Центральная сюжетная линия повести — история взаимоотношений Гринева и Пугачева — есть прежде всего история милосердия.

С милосердия начинается эта история, им и кончается. Вспомним первую встречу Гринева с Пугачевым, когда Гринев приказывает отдать Пугачеву свой заячий тулуп. Савельич изумлен. И дело не только в том, что тулуп дорог.

Подарок бессмыслен. «Зачем ему твой заячий тулуп? Он его пропьет, собака, в первом кабаке». Да не полезет этот юношеский тулуп на пугачевские «окаянные плечища!» И Савельич прав: тулуп трещит по швам, когда Пугачев надевает его…

Однако пишет Пушкин:»Бродяга был чрезвычайно доволен моим подарком». Тут не в тулупе дело… Тут впервые промелькнуло между офицером Гриневым и беглым казаком Пугачевым нечто иное… В благодарности Гринева не просто благодарность.

Тут жалость, милосердие и… уважение. Уважение к человеку и его достоинству. И человеку холодно.

А человеку не должно быть холодно. Потому что он образ Божий. И мы не должны безразлично проходить мимо человека, которому холодно, потому что это кощунство. Все это почувствовал Пугачев. Потому и такое теплое напутствие Гриневу: «Спасибо ваше благородие!

Награди вас Господь за вашу добродетель. Век не забуду ваших милостей!»

И завязались между героями отношения, где высший и низший едины, где нет ни господина, ни раба, где враги — братья. Чем можно ответить на милость, на милосердие? Чем его измерить? — Только милосердием же. И через все остальные встречи Гринева и Пугачева основной темой идет именно тема милосердия.

При занятии Белогорской крепости Пугачев, узнав Гринева, тут же помиловал его, спас от смертной казни. «Я помиловал тебя за твою добродетель», за то, что ты оказал мне услугу…» — говорит Пугачев Гриневу. Но сколь несоразмерны услуга и воздаяние: стакан вина, заячий тулуп и… жизнь, подаренная офицеру противного войска, с которым ведется война. Пугачев должен был помиловать Гринева, потому что однажды Гринев разглядел человека в Пугачеве, и не может уже забыть этого Пугачев.

Все в повести полно милосердием.

Сама любовь Петра Андреевича Гринева и Марьи Ивановны Мироновой — не любовь — страсть, не любовь — восхищение, а христианская любовь, жаления. Любит и слезно жалеет Марью Ивановну, сироту, у которой не осталось никого близкого во всем мире, Гринев. Любит и спасает своего рыцаря от ужасной участи бесчестия Марья Ивановна. Милосерден Гринев и к своему врагу. Когда Гринев вырывает с помощью Пугачева Марью Ивановну из рук Швабрина, Гринев имеет достаточно оснований, чтобы ненавидеть изменника и насильника.

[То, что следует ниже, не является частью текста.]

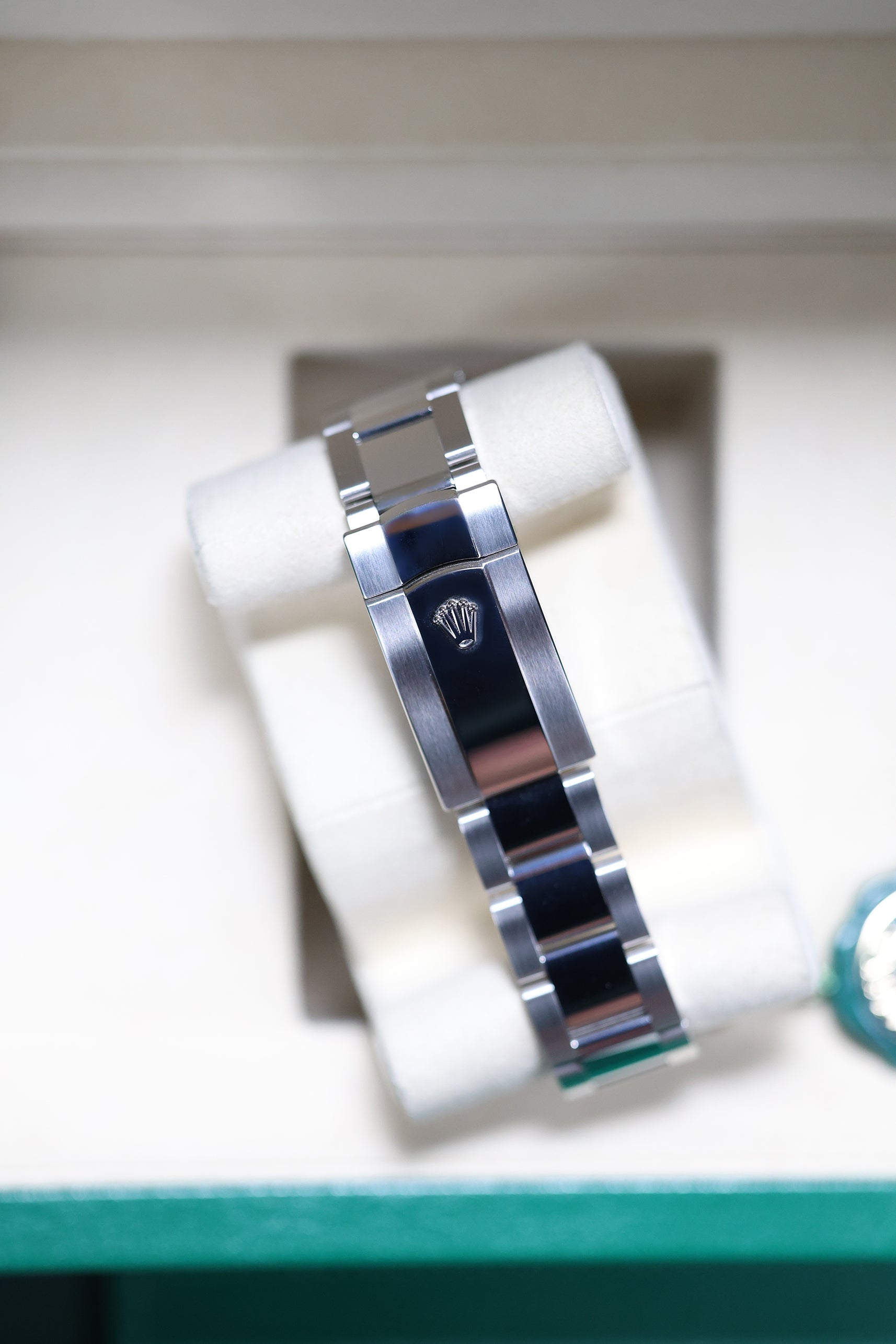 This watch is defined by a seamless blend of polished and brushed surfaces. The 41mm Oystersteel case features a sleek, smooth domed bezel, which gives the watch a clean, contemporary feel. Paired with the robust Oyster bracelet, this combination creates a rugged yet refined look that ensures both exceptional comfort and a strong wrist presence, making it a versatile choice for any occasion.

Однако вот как кончается глава «Сирота». Напутствуемые доброй попадьей Гринев со своей любимой отбывают из крепости. «Мы поехали. У окошка комендантского дома я увидел стоящего Швабрина. Лицо его изображало мрачную злобу.

Я не хотел торжествовать над униженным врагом и обратил глаза в другую сторону».

Торжествовать над уничтоженным врагом согласно христианской морали, которой руководствуется Гринев, стыдно. Так как, пока жив человек, Бог надеется на него, на его исправление. Следует тем более надеяться и человеку.

А устраивать «пир победителей» над поверженным противником — хамство. Потому и отворачивается Гринев. И в этом опять милосердие целомудренной души. Наконец на суде Швабрин оказывается главным — и, собственно, единственным — обвинителем Гринева. Швабрин возводит на Гринева сознательную и чудовищную клевету, грозящую последнему самым худшим.

Интересна реакция Гринева. » Генерал велел нас вывести. Мы вышли вместе. Я спокойно взглянул на Швабрина, но не сказал ему ни слова. Он усмехнулся злобной усмешкою и, приподняв свои цепи, опередил меня и ускорил свои шаги». Где-то слова уже бессильны…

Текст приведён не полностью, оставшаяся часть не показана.